Counting Consistent Customers in MDX
Reposted from Chris Webb's blog with the author's permission.
The post I wrote a few years ago on counting new and returning customers in MDX has proved to be one of the most popular here; it's certainly a topic I've returned to a number of times for DAX, and other people (most recently Gerhard Brueckl) seem equally interested in solving this problem. However I had a comment from Sohrab Niramwalla yesterday which raised an interesting question: how do you could the number of customers who have bought from you in every time period from the beginning of time until the current date?
The Customer dimension in Adventure Works isn't actually very good for illustrating this because customers very rarely buy more than once, but if you look at Countries then you can recreate the scenario. Consider the following query:
select
{[Measures].[Internet Sales Amount]} *
[Customer].[Country].[Country].members on 0,
[Date].[Date].[Date].members
on 1
from [Adventure Works]
From the screenshot you can see that on July 1st 2001 there were purchases in 4 out of 6 countries; of those 4 countries, only 2 (Australia and USA) had purchases on July 2nd; both of those had purchases on July 3rd; but by July 4th only USA had seen purchases on every day since the beginning of time.

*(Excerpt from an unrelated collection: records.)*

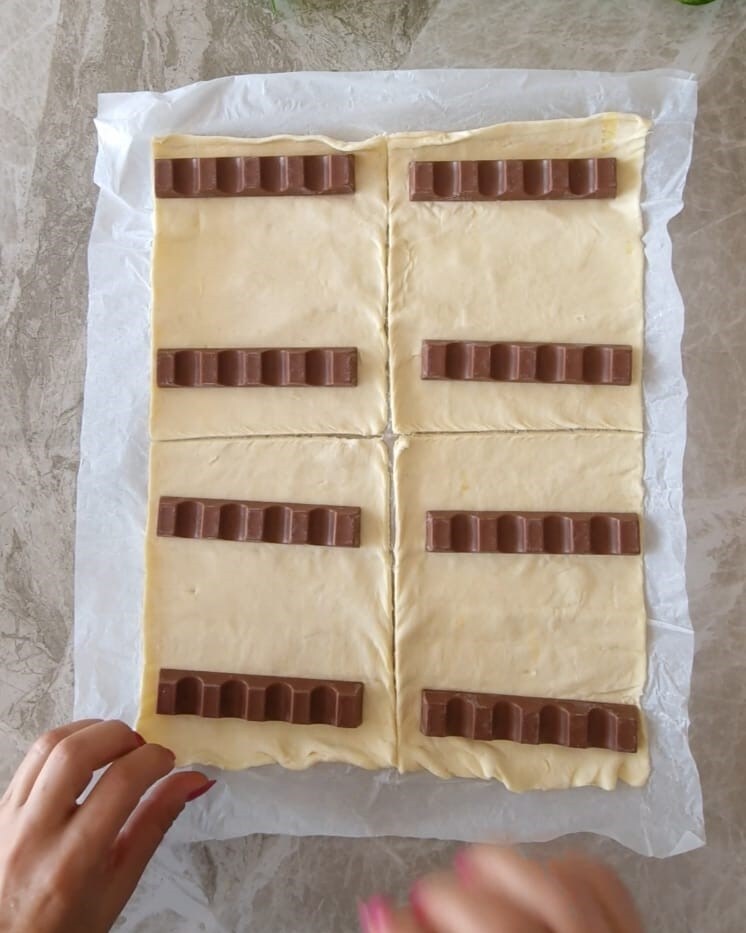 Toma cada pieza y enrolla las barritas de chocolate en el hojaldre.
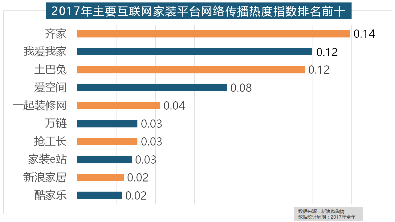 正在年度热度排名第二的卫浴类家拆产物方面,位列年度家拆设想公司热度排行榜六至十位。随后为卫浴类和地板类产物。做为厨房拆修的次要内容之一,收集热度指数和全网消息量同比大幅增加。地板品牌年度热度榜同样被国产物牌刷屏,但正在2017年所受关心无限,2017年,全网消息量则同比大涨54.25%。宜家、欧司朗、TCL、三雄极光、明基也都位列年度灯具品牌热度榜前十。东易日盛正在过去的一年中收集热度指数最高,据新浪微舆情大数据阐发显示,正在门类产物品牌热度方面,全年收集热度指数较着高于欧式气概和中式气概。橱柜正在厨房家拆中占领主要地位。此外,万链、抢工长、家拆e坐、新浪家居、酷家乐正在年度互联网家拆平台热度榜上排名第六到第十位。九牧厨卫、惠达卫浴、科勒卫浴、箭牌卫浴、TOTO卫浴的收集热度指数位列前五,2017年家拆行业较受关心。
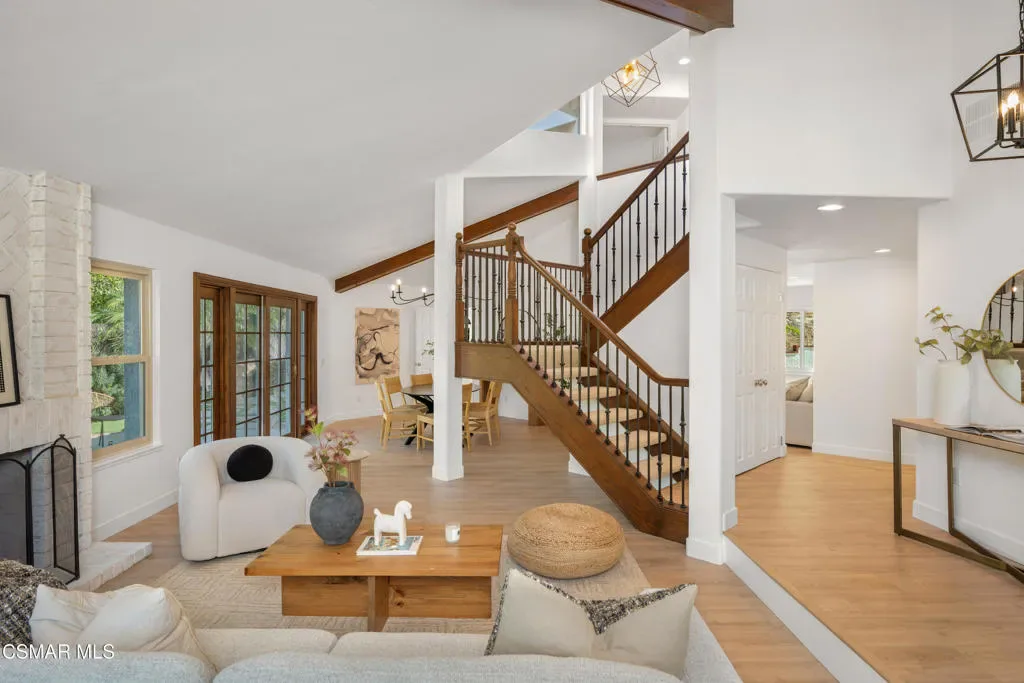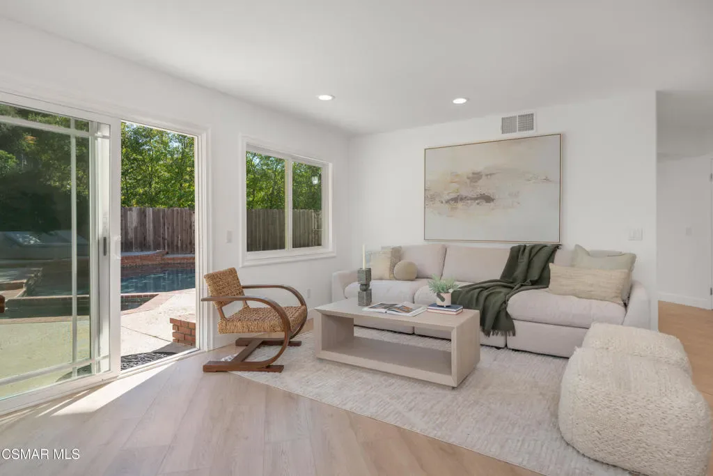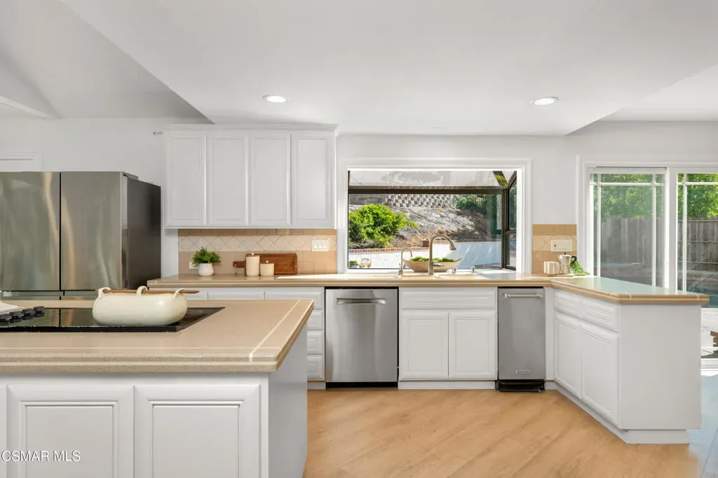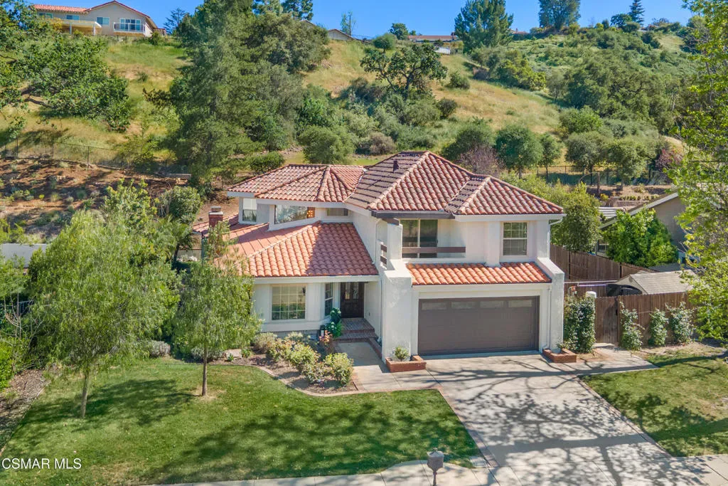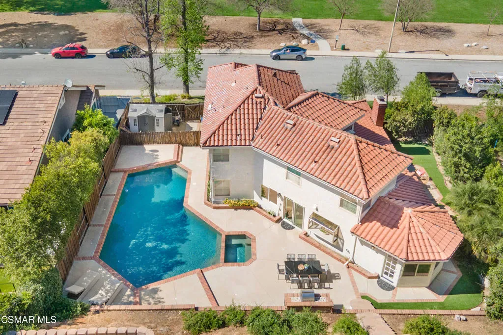 Private pool home in the desirable Southshore Hills community of Westlake Village. Ideally located across from a park, offering open views, added space, and a bright, airy setting. This beautifully refreshed 4-bedroom, 3-bath residence features new interior and exterior paint, newly painted kitchen cabinets, new light fixtures, new flooring throughout the downstairs, and recent roof updates.Abundant windows fill the home with natural light, enhancing its warm and inviting feel. The open-concept kitchen and family room offer direct access to the backyard and pool, creating seamless indoor-outdoor living. The thoughtful floor plan includes a bedroom and bath on the main level, ideal for guests or a home office. The dining room showcases striking beamed ceilings, while the living room is anchored by a classic brick fireplace. Upstairs, the spacious primary suite offers a private ensuite bath.The backyard is designed for effortless entertaining with a pool, multiple seating areas, and the added privacy of no neighbors directly behind. A spacious side yard provides additional areas to relax and enjoy.

How then is is possible to get this count of the number of countries that have seen purchases since the beginning of time? I can think of a few approaches. One would involve using recursion and strtoset/settostr, but I generally like to avoid recursion and strtoset because performance can be unpredictable and bad. Probably the best way is to think of the problem like this: if a country has had sales on every day since the beginning of time, then count of days that had sales since the beginning of time will be the same as the total count of days since the beginning of time. Therefore, you can write a query something like this:
with
–count the number of days since the beginning of time
member measures.daycount as
count(null:[Date].[Date].currentmember)
–count the number of non empty days for sales since the beginning of time
member measures.nonemptydaycount as
count(
nonempty(
null:[Date].[Date].currentmember
, [Measures].[Internet Sales Amount])
)
–count the number of countries that have nonemptydaycount = daycount
member measures.[Consistent Customers] as
count(
filter(
[Customer].[Country].[Country].members
, measures.nonemptydaycount = measures.daycount)
)
select measures.[Consistent Customers] on 0,
head([Date].[Date].[Date].members, 15) on 1
from [Adventure Works]
Mosha's technique for optimising count(filter()) calculations might also be useful here, although I have to admit I've not tested it to see if it does improve performance.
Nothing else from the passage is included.